Madem bu işte hükümetin suçu var, neden aynı yargı çevreleri işin sonu hakkında daha önceden görüş bildirmediler?
Hemen her konuda itirazlarını siyasi bir dille gündeme getirmekten çekinmeyen Yüksek Yargı üyeleri iş bu hale gelince neden konuşmaya başladılar?
1 Haziran 2005'te yürürlüğe giren 5271 sayılı CMK'nın 102'nci maddesinin ilk yürürlük tarihi 1 Nisan 2008’di.Hükümet yeni bir düzenleme ile tutukluluk sürelerini sınırlayan maddenin 1 Nisan 2008 olarak belirlenen yürürlük tarihini 31 Aralık 2010'a erteledi. Hükümet ayrıca, hem mahkemelere hem de Yargıtay’a “Yürürlük tarihini 21 ay erteledik. Bu zaman zarfında dosyaları karara bağlayın” uyarısında bulundu. Ancak Yargıtay, 21 ay gibi uzun bir zaman kazanmasına rağmen tutukluluk sürelerinde sona yaklaşılan davalara öncelik vermedi. Ama aynı Yargıtay, İlhan Cihaner, Osman Kaçmaz, YARSAV Kurucu Başkanı Ömer Faruk Eminağaoğlu ve Mehmet Haberal davalarını jet hızıyla sonuçlandırdı. Cihaner için bir günde tahliye kararı verildi, YARSAV’ın kurucusu Eminağaoğlu 4 ayda 3 duruşma yapılarak beraat ettirildi, Kaçmaz iki ay içinde aklandı. Yargıtay 4. Hukuk Dairesi Ergenekon sanığı Mehmet Haberal'ın tahliye başvurusunu reddeden 9 hakimi de jet hızı ile mahkûm etti.
Terör, hırsızlık, çete ve tecavüz dosyalarını, iş yükünü bahane ederek yargılamaları yıllarca öteleyen Yargıtay, bu dört kritik davayı neden jet hızıyla sonuçlandırdı?
Bir kişinin suçlu mu suçsuz mu olduğuna 10 yılda karar verilemez mi?
Yargılamanın bu kadar uzun sürdüğü bir başka ülke var mı?
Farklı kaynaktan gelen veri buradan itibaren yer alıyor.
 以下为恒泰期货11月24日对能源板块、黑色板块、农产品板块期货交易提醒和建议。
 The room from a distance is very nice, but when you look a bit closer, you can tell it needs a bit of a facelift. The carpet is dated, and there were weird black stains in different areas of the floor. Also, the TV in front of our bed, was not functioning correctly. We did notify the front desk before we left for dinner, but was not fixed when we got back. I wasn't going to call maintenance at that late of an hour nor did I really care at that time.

Ama her şeye rağmen bugün yargıçlar halen özeleştiri yapıp sorumluluk almıyorlar. Oysa hukuk yerine rejim bekçiliğine soyundular. İşleri olmayan her konunun peşine düştüler. Masalarında biriken bunca dosyaya karşın birçok üye, il il dolaşarak konferanslara katıldı. Üstelik referandumda ‘hayır’ propagandası yürüttüler. Daha önce de Ergenekon iddianamesinde ‘kaos’ eylemleri olarak değerlendirilen mitinglerde en ön saflarda yer aldılar. Bir de aynı iddianamelerde paşalara verilen brifingler vardı. Kendilerinin aldığı brifinglere hiç girmeyeyim… Ama yayınladıkları bildirileri es geçemem. Siyasetçi edasıyla yapılan açıklamaları da…“Zamanımız yok, iş yükümüz ağır” diyenler dün konu başörtü ve reformlar olunca bülbül kesiliyorlardı. Tüm dosyaları ikinci plana atıp ahkam kesiyorlardı. Hiçbir balo ya da özel davetlerden de geri kalmıyorlardı.
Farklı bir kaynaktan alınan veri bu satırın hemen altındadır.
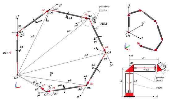 Relations describing the position kinematics by means of position vectors pi, where iϵ<1;7> at individual open kinematic chain segments have also been derived in [25,26]. This is the case of the robotic arm’s forward kinematics. The relations serve the purpose of calculating the position of a point that would enable the attachment of either an effector or another device. Thus, the position of a point [pxi, pyi, pzi] on the module will be defined by the function of the rotation positions φi, ϑi and the segment size of the structure at hand—|ri|; pi = f(φi, ϑi, ri). The basis of the arm [1,2] is an autonomous, cylinder-shaped module. Such modules have a single degree of freedom, namely the rotational one. The rotation happens around the module’s main axis and is not limited in the interval under consideration ranging from 0 to 360 degrees. The rotation may occur continuously in either direction of rotation without limitation. The modules and joints are contemplated to be perfectly solid bodies. The individual modules’ axes of rotation cross each other at the point where they are joined by passive joints, Figure 1. The distances of section points in space are quantified by the ri vector (a kinematic chain segment), and this vector has its own Cartesian system of Si{Oi, xi, yi, zi}. The segment’s rotation around the zi axis is defined by the rotation matrix Rzi(φi) [3,4,5]. The segment’s rotation around the yi axis is defined by the rotation matrix Ryi(ϑi).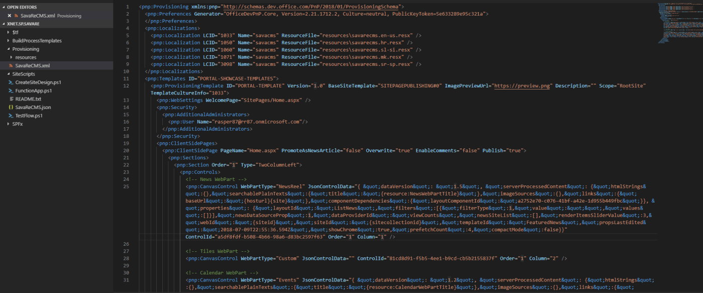 And this is for example our PowerShell script for our Web/Site template in SharePoint Online which could be called from Site Scripts via Flow. But we want more so we will use PnP Provisioning Engine.

Özetleyecek olursam: Korkarım ki yaklaşan seçim öncesi birileri yine sandığa müdahale peşinde. Ama halen akıllanmadılar. Bir önceki seçimlerde sandığa bomba koydular… Sokakları hareketlendirdiler… Birçok ocağa ateş düşürdüler… Muhtıra verdirmeyi bile başardılar. Hatta karanlık odalarda yazdıkları kaos planlarını devreye soktular… Siyasilere olmadık iftiralar ve yakıştırmalar da yaptılar.
Peki sonuç ne oldu?
Verdikleri güç mücadelesinde her şeyi yakmayı göze alanlar mı kazandı?